The Tera Lumbar Interbody Fusion System is indicated for intervertebral body fusion of the spine in skeletally mature patients who have had at least six months of non-operative treatment. The device systems are designed for use with allogenic bone graft comprised of cancellous and/or corticocancellous bone graft and/or autograft to facilitate fusion. The Tera Lumbar Interbody Fusion System is intended for use at either one level or two contiguous levels in the lumbar spine, from L2 to S1, for the treatment of degenerative disc disease (DDD) with up to Grade I spondylolisthesis. DDD is defined as back pain of discogenic origin with degeneration of the disc confirmed by history and radiographic studies. The Tera Lumbar Interbody Fusion System is intended to be used with supplemental spinal fixation system cleared for use in the lumbosacral spine.
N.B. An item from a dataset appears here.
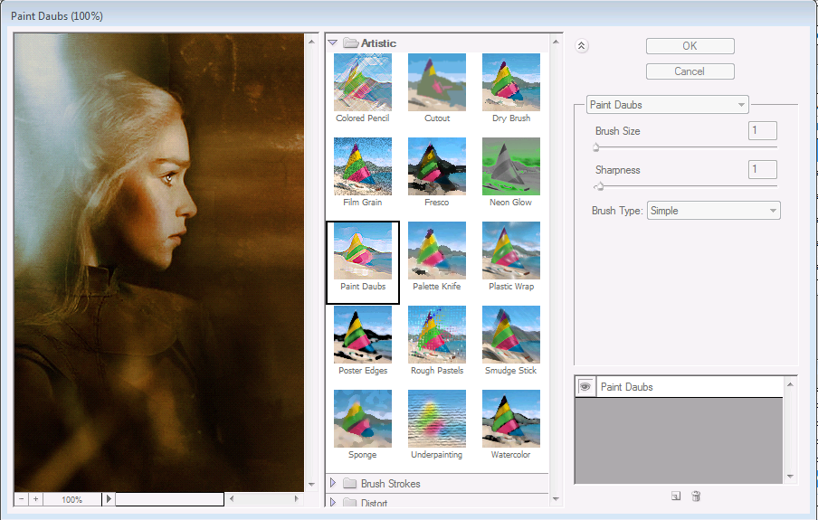 Filter -> Artistic -> Paint Daubs and set the Opacity down to 90%, to bring back a little bit of the sharpness and also create a sort of a painted effect (as explained in a tutorial by
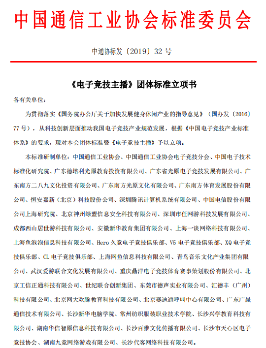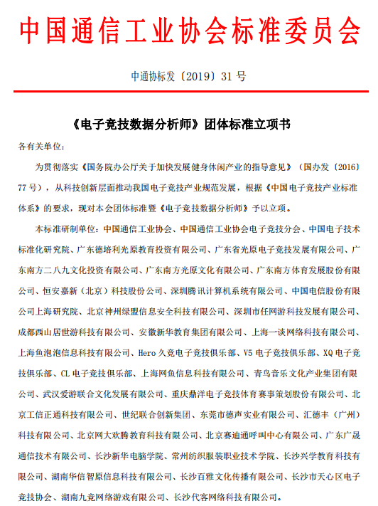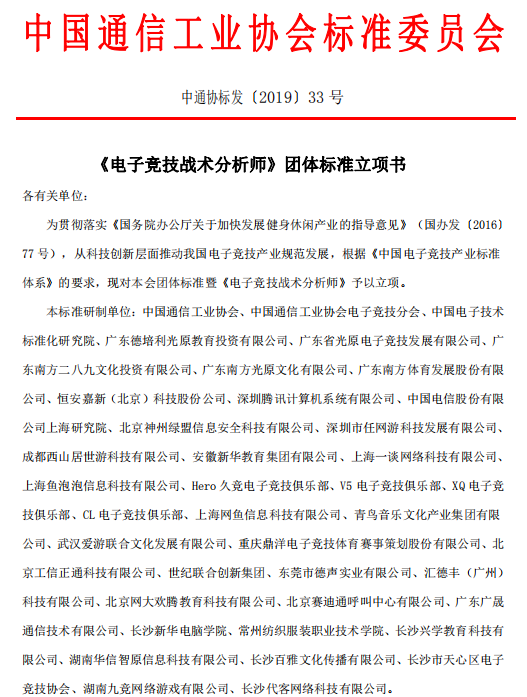 中通協(xié)標(biāo)發(fā)(2019)33號《電子競技戰(zhàn)術(shù)分析師》團(tuán)體標(biāo)準(zhǔn)立項(xiàng)書各有關(guān)單位:為貫徹落實(shí)《國務(wù)院辦公廳關(guān)于加快發(fā)展健身休閑產(chǎn)業(yè)的指導(dǎo)意見》(國辦發(fā)(2016)77號),從科…

The Tera Lumbar Interbody Fusion System consists of intervertebral body fusion devices intended for lumbar interbody fusion using a transforaminal lumbar interbody fusion surgical approach (TLIF), an oblique transforaminal interbody fusion surgical approach (Oblique TLIF), or a posterior lumbar interbody fusion surgical approach (PLIF). The devices are intended to improve stability of the spine while supporting fusion. The Tera Lumbar Interbody Fusion System cages are intended for use at one or two contiguous levels in the lumbar spine (L2-S1). The components are offered in different shapes and sizes to meet the requirements of the individual patient's anatomy and are provided sterile. Tera Lumbar Interbody Fusion System cages are made of titanium alloy (Ti-6Al-4V ELI) per ASTM F3001 Standard Specification for Additive Manufacturing Titanium-6 Aluminum-4 Vanadium ELI (Extra Low Interstitial) with Powder Bed Fusion. All cages are manufactured using the L-PBF (laser powder bed fusion) additive manufacturing method. L-PBF allows for the formation of solid, non-porous cages with a layered porous lattice structure on the surfaces of the components, including the surfaces of the interior graft window. This intricate structure facilitates bone in-growth by providing a larger surface of implant/bone contact than a buffed surface. The cages are also titanium anodized to allow for identification of various heights by color. Tera-T Ti Interbody cages, Tera-O Ti Interbody cages, and Tera-P Ti Interbody cages are also available with a Promimic HAnano Surface (hydroxyapatite (HA) coating). Cages are coated with a 20nm HA layer composed of crystalline hydroxyapatite particles that mimic human bone tissue through shape, composition, and structure. This surface treatment increases implant anchoring by facilitating osseointegration and enhancing early bone growth. All Tera Lumbar Interbody Fusion System implants are only available sterile packaged. Non-sterile, reusable surgical instruments to support implantation of the system are provided for use with Tera Lumbar Interbody Fusion System devices are provided in steam sterilization trays.